ESPECTáCULOS › UNA OBRA A LA MEDIDA DE PEÑA Y SU JOVEN PROMESA
Más chancho que glamoroso
Por J. G.
Este es el placer de la autodenigración: presentarse en escena como “un puto viejo que lo único que quiere es que se lo cojan”. Y regodearse en esa caricatura fofa, balbuceante, del padre afeminado que se buscó un camarógrafo joven como taxi boy de tiempo completo. En la familia disfuncional de Yo chancho y glamoroso, Fernando Peña vuelve a lo que más le gusta: fundar un paraíso de comodidad burgués (la familia) allí donde sólo hay un erotómano que se masturba mientras su pareja le grita: “Puto, puto, puto de mierda”. Más allá de su superficie, de esa cáscara que derrocha críticas y golpes a la tele de las tardes, a las cámaras ocultas, a los reality shows, Peña tiene otras pretensiones: caricaturizar el “hogar dulce hogar”, cuando la pareja adopta dos hijos (uno de ellos es Sofía Gala) y comparten la escena familiar alternada con alucinaciones, desplantes, peleas y sexo entre los hermanos. Esto es un Peña auténtico: desprolijo, deteniendo la escena ante un error, retando a su novio por la mala dicción y pidiendo al director “que no se olvide de la cortina musical”. Cuando la familia decida televisarse a toda hora, se iniciará la tragedia: la vida vendida al mejor postor.
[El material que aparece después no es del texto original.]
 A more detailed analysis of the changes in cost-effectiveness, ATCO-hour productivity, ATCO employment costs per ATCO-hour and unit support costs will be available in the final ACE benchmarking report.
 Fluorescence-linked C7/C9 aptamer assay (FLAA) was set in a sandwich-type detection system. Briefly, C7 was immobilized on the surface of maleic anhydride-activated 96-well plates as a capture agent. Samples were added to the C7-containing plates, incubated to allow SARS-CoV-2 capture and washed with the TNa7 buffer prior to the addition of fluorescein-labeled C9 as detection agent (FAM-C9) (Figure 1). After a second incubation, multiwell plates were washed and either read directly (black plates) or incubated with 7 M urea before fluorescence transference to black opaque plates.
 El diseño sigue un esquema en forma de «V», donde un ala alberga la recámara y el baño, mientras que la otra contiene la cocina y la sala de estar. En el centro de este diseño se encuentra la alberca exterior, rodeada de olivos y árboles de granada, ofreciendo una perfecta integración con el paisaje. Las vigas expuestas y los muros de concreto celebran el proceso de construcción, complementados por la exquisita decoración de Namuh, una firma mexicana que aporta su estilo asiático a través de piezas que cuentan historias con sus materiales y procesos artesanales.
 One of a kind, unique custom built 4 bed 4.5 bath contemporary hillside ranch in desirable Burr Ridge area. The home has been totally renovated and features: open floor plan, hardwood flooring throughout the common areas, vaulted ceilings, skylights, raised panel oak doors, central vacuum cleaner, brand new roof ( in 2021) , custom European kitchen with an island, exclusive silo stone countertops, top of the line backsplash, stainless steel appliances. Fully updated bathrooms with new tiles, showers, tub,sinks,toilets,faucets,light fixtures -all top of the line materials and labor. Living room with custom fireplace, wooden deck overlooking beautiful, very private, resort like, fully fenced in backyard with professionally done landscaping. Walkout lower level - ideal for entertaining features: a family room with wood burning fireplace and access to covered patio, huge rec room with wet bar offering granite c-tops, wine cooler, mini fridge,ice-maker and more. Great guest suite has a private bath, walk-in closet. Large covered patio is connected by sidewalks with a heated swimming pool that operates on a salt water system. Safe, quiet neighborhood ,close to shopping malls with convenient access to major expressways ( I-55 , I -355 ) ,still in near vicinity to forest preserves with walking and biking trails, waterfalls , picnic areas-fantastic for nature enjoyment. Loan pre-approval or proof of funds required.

Aquí faltan sus travestis divertidas, su duelo con el público, su mención provocadora a la noticia: aquí Peña se ha vuelto serio. Para denunciar los efectos de “la vida en directo” y mostrar cómo deteriora ese afán por más rating. Pero también para denunciar la vocación del argentino por “ser masa”. La familia feliz se ha convertido en “cualquier cosa” y empieza el largo descenso a los infiernos que agobia, reclama un final antes de tiempo (y no llega). La familia, desesperada por el impacto, no se ahorra golpes de efecto: Peña alude a su propia vida (“¿Vienen a ver la decadencia? Sádicos de mierda”); Sofía se queja de Moria, pisotea el cadáver de su padre, aparece desnuda “con una gran concha” y dice que los tipos sólo piensan en eso, besa a su supuesto hermano y Peña decreta: ¡Incesto! Como en un ejercicio más que un trabajo terminado, ellos actúan sus tragedias impostadas ante la cámara (con técnicos que circulan por el living) y las interrumpen, de pronto, cada vez que la voz en off los felicita: ¡Superaron al programa más visto!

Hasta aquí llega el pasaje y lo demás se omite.